What is this all about?! - page 8

 
Demi:


It can't be.


Great epitaph for a deposit grave!!! :))
 
lizzavet:

Yes, the result, but the contribution of private traders to it is minimal. - less than 2%. We are at the bottom of the food chain)

You are outside the chain - your bids do not enter the market at all and do not affect the price in any way
 
paukas:
Great epitaph for a deposit grave!!! :))

better for a PAMM grave
 
Demi:

better for the PAMM grave
Even better!
 

Can I do it again? I can't understand it. One says one thing, the other says another...

There is a concept of "the cost of minimal price movement", that is, the price does not move on the trader's thoughts, but on his concrete actions, right?

1. Let's say I open a trade upwards. --- I shift the price upwards

2. I close a long trade --- I shift the price down

3. I close a long trade on take profit. --- I shift the price down

4. On a long trade, I catch a loser with a loss --- I move the price up

Is all of this above correct? Or is it not?

 
paukas:
Even better!

Will you write it in yours?
 
Demi:


There is no such thing - if the price increases, it means that demand exceeds supply. And there is no prism there.
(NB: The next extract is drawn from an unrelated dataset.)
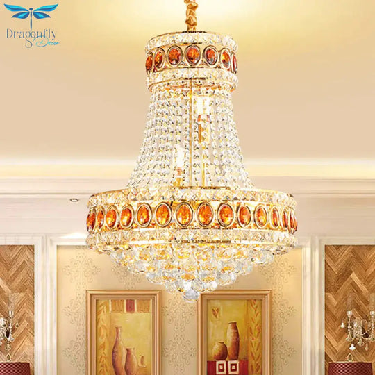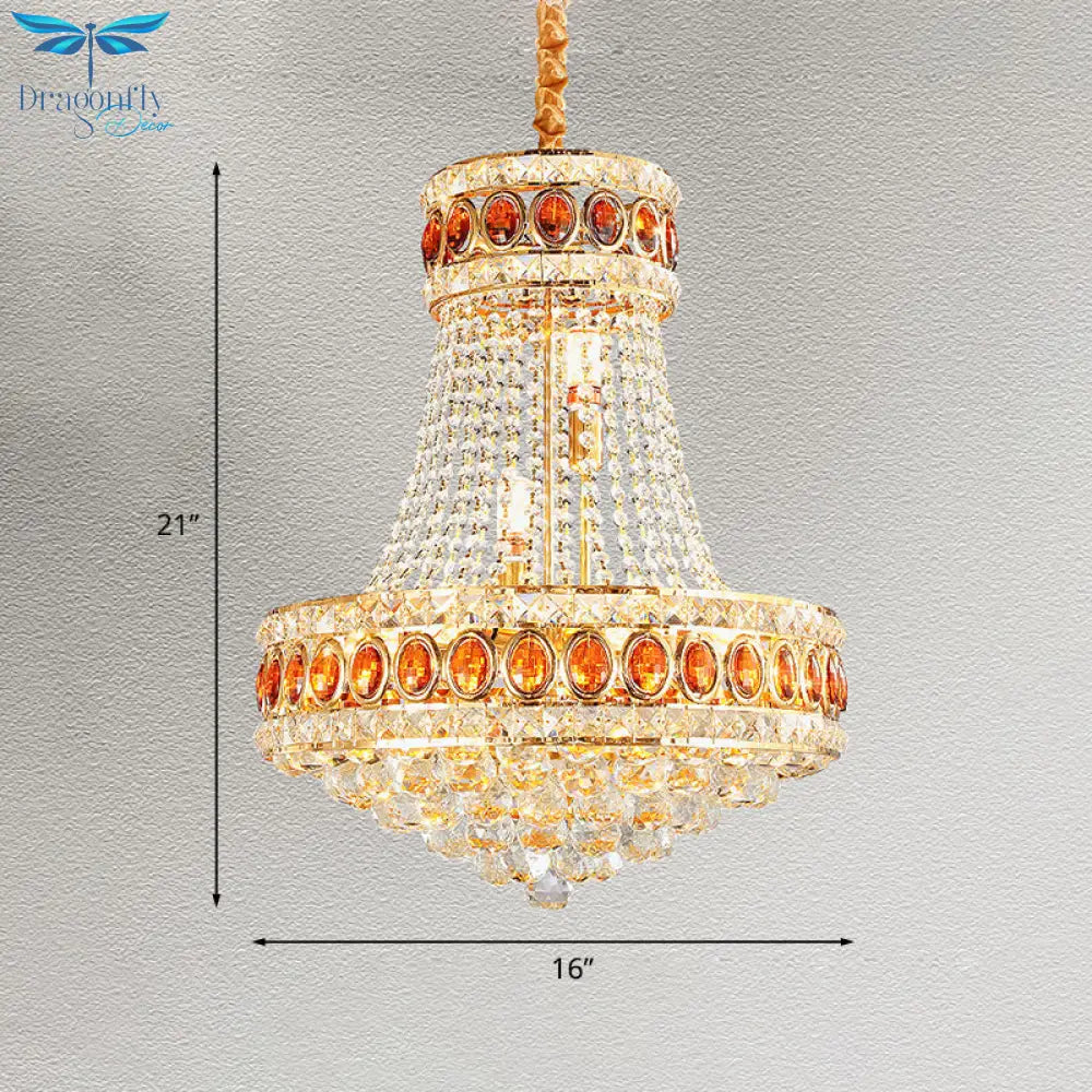 Gold Cone Pendant Chandelier Contemporary Crystal 5-Bulb Dining Hall S

Bids to buy and bids to sell are, it turns out, not supply and demand.......................................................................................... What? Voltage and amperage?

Imagine that sell orders are priced in 2 ruble increments and buy orders are priced in 1 ruble increments.

They are all of equal volume.

You collect all the sell orders in the range of 10 roubles upwards the price has moved up by 10 roubles. Your position is 5.

The buy orders have moved to the last deal and have the same step of 1 ruble.

You decide to sell, whereby you collect only half of the orders (since there are 10 in the 10 roubles range) and only move the price down by 5 roubles. Your position is 0.

You decide to sell 1 more contract and move the price down another 1 ruble.

As a result, the price has risen by 4 roubles from the very beginning of our actions, and we now have a negative position.

That is, the price went up and we ended up selling

 
Demi:

You are out of the loop - your bids do not enter the market at all and do not affect the price in any way.


We and our DCs are out of the loop - this is 100% and not news. I meant all traders in general in the world.

And private traders do not have an important analysis tool, the forex quotation book, which interbank institutions, large hedge funds, small banks and market makers have. We are screwed.

 
vasya_vasya:

Imagine that sell orders are priced in 2 ruble increments and buy orders in 1 ruble increments.

They all have the same volume.

You collect all the sell orders in the range of 10 roubles upwards, the price has moved up by 10 roubles. Your position equals 5.

Buy orders have moved to the last trade and still have the same step of 1 ruble.

You decide to sell, and you collect only half of the put orders (since there are 10 in the 10 roubles range), and move the price down by only 5 roubles. Your position is 0.

You decide to sell 1 more contract and move the price down by another RUB 1.

As a result, the price has risen by 4 rubles from the beginning of our actions, and we now have a negative position.


Don't bother - you were buying and demand in the equilibrium market increased - the price went up. You start selling and the supply on the equilibrium market has increased - the price has gone down.

A change in price is a change in the balance of supply and demand.

 
lizzavet:


We and our DCs are off the chain - that's 100% and not news. I meant all traders in general in the world.

And private traders do not have an important analysis tool, the forex quotation book, which interbank institutions, large hedge funds, small banks and market makers have. We are screwed.

It's you there, and we for example have a glass) It's another matter whether it gives any advantage on MT.